Failure to sense is a type of malfunction in implantable cardiac devices, such as pacemakers and implantable cardioverter-defibrillators (ICDs). Proper sensing is fundamental for these devices to deliver therapy only when the heart requires assistance, preventing unnecessary interventions. When a device fails to sense, it can lead to either under-pacing or over-pacing, both of which can compromise heart rhythm management.
Understanding Device Sensing
Cardiac devices like pacemakers and ICDs are designed to continuously monitor the heart’s electrical signals. These devices “listen” for the heart’s intrinsic electrical activity through small wires, called leads, which are typically placed inside the heart chambers. The leads contain electrodes that detect specific electrical impulses, such as P-waves (atrial depolarization) and R-waves (ventricular depolarization), which indicate the heart’s natural contractions.
Accurate sensing allows the device to distinguish between the heart’s own beats and periods when it needs support. If the heart beats on its own, the device should ideally remain inactive, or “inhibited,” to avoid competing with natural rhythms. Conversely, if the device does not detect a natural beat within a set time, it then delivers an electrical impulse to stimulate the heart, ensuring a regular rhythm.
Factors Leading to Impaired Sensing
Several issues can cause a cardiac device to improperly sense the heart’s electrical activity. Problems with the device’s leads are common culprits. For instance, if a lead becomes dislodged from its intended position within the heart, it may no longer be in optimal contact with the heart tissue to pick up signals effectively. Damage to the lead, such as a fracture in the wire or a break in its insulation, can also disrupt the transmission of electrical signals back to the device.
The heart’s own electrical signals can also change, becoming too weak or small for the device to consistently detect.

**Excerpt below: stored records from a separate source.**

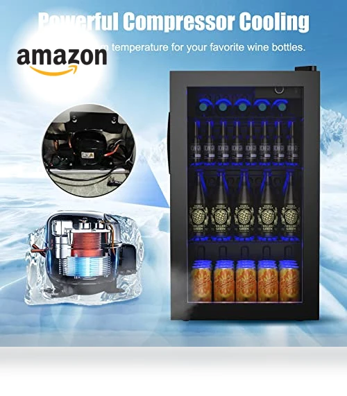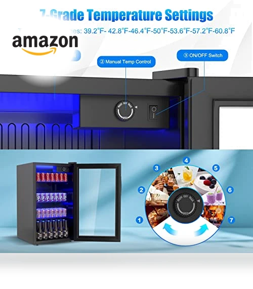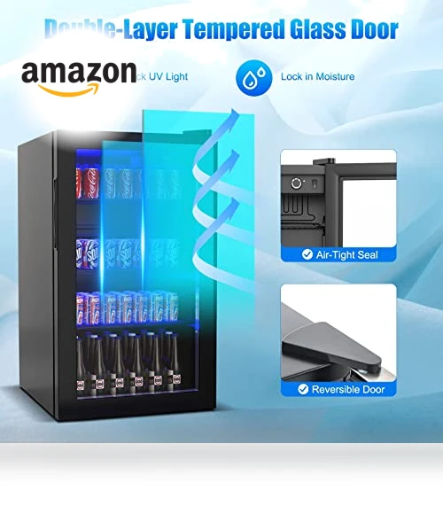 Sunlight sneaking in? Not on this fridge's watch. Its double-layer tempered glass door laughs in the face of strong sunlight and keeps the outside air at bay, while a tight seal locks in the cold like a vault. Left or right? The door swings both ways, thanks to sturdy hinges that don't play favorites. Operating quieter than a whisper (≤40dB, to be exact) and lit with a cool blue LED light for those midnight snack raids, this fridge is the silent guardian of your drinks. At 17.5” x 19” x 31”, it's the space-saving hero for cramped apartments, home bars, offices, or even your workshop—because hydration (or celebration) knows no bounds.
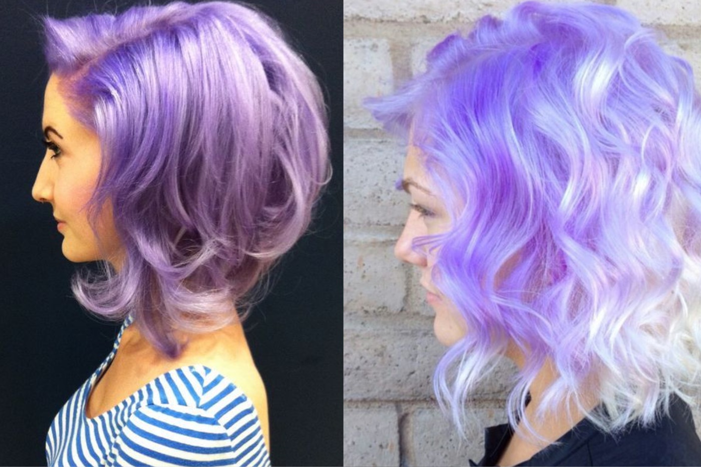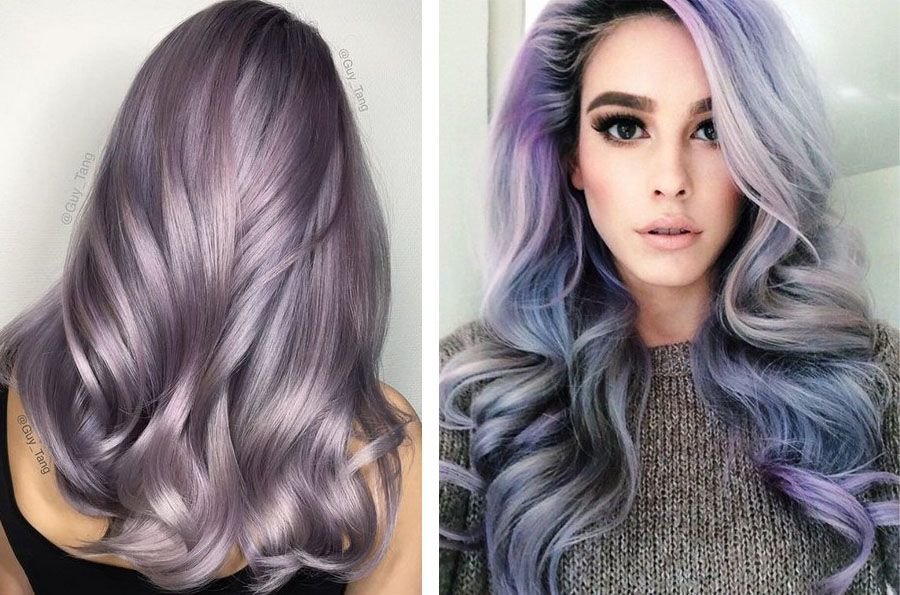 Ang intensity ng kulay ng kulay-lila ay maaaring mag-iba sa pinakamalawak na hanay ng mga kulay. Sa mga ilaw na ilaw, ang pinaka-may-katuturan ay puting-lila, perlas, pati na rin ang mga tono - tulad ng mga kulay perpektong magkasya blond buhok, lalo na sa platinum tints.
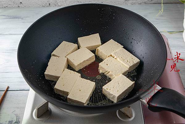 鍋子開始加熱後,中間的佳溫紅心變色,即可倒入約二大匙的油,把豆腐放進去,中火開始煎。以前用其他鍋具時,總是要用手來感受鍋子的溫度來判斷食材下鍋的時間,特福這個佳溫紅心,能讓你在鍋子升溫時還能安心去洗個手或是切個蔥什麼的,不必一直顧在鍋子旁怕錯過食材下鍋的最佳時機,其實真的很方便。
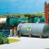 Bauen mit System. Im Aufbau befindliche Produktions-, Speditions- oder Lagerhalle. Zwei Wände mit Tor- und Fensteraussparungen, die Stützen und das Tragwerk sind bereits errichtet. Bodenplatte beiliegend. Kompatibel und erweiterbar mit Systemelementen der FALLER Goldbeck-Serie.
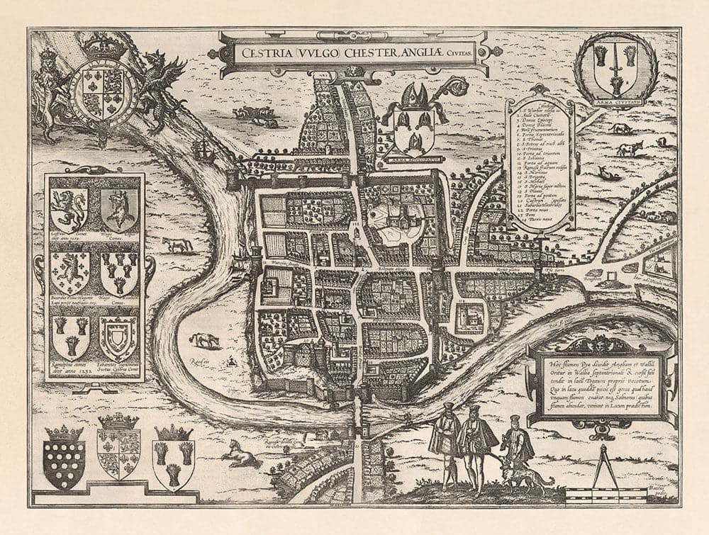 Chester era una ciudad bastante grande hace casi 450 años. Pero las únicas estructuras que probablemente podrás identificar son las murallas romanas, la Catedral de Chester y el Castillo. ¡El río Dee todavía rodea la ciudad también!
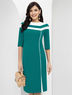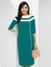 Четкость линий, миди-длина. Красивый бирюзовый оттенок “играет” с белыми вставками. Деловая леди по достоинству оценит это элегантное платье, подчеркивающее фигуру и индивидуальность.
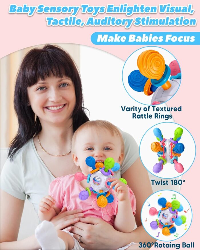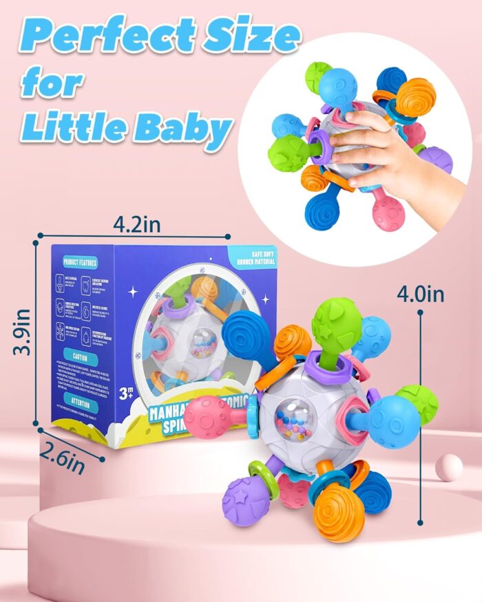 Baby Multi-Sensory Teething Toys: Tonberless hand-held baby teething toys, the baby will have the habit of biting or crying, eating hands. The 360-degree rotary teething ball has 12 chew points and different textured surfaces. Massage the gums to relieve teething pain more effectively and meet the needs of the baby’s oral stage. Different textures provide a stimulating touch and help the baby’s sensory development.

This can happen due to changes in the heart tissue itself, such as the formation of scar tissue, or as a side effect of certain medications that alter cardiac electrical properties. If the heart’s signals fall below the device’s programmed sensitivity threshold, the device may simply miss them.
Device programming plays a role in sensing performance. If the device is programmed with a “less sensitive” setting, it requires a stronger electrical signal from the heart to register a beat. This can lead to the device missing weaker, but otherwise normal, heart signals. While less common with modern devices, strong external electromagnetic interference (EMI) from sources like certain medical equipment or industrial machinery can sometimes disrupt the device’s ability to sense accurately.
Recognizing Impaired Sensing
When a cardiac device fails to sense properly, individuals may experience a range of symptoms because the device either paces unnecessarily or fails to provide pacing when needed. Common symptoms can include dizziness, lightheadedness, and unusual fatigue. Some individuals might also feel palpitations or experience shortness of breath. In more severe cases, fainting spells can occur if the heart rate becomes critically slow or irregular.
Diagnosing impaired sensing typically involves a thorough review of the device’s performance data during routine clinic visits. During these “interrogations,” healthcare professionals use specialized equipment to download information stored in the device, which provides a detailed record of sensed cardiac events and delivered therapies. Electrocardiograms (ECGs) or continuous monitoring devices, such as Holter monitors, may also be used to correlate any reported symptoms with the device’s actual behavior over time.
Managing Impaired Sensing
Addressing impaired sensing often begins with reprogramming the device. Adjusting the device’s sensitivity settings, or other parameters, can frequently resolve the issue by allowing the device to better detect the heart’s intrinsic signals.
If a physical problem with a lead is identified, such as dislodgement or damage, surgical intervention might be necessary. This procedure, known as a lead revision or replacement, involves repositioning the existing lead or implanting a new one to ensure proper contact and signal transmission. In some instances, changes to a person’s medications, particularly those affecting heart signals or tissue characteristics, may be considered to improve the amplitude of the heart’s electrical activity.
Regular follow-up appointments and device checks are important for individuals with cardiac implants. These routine evaluations help healthcare providers monitor the device’s ongoing function and identify any emerging issues with sensing or other parameters.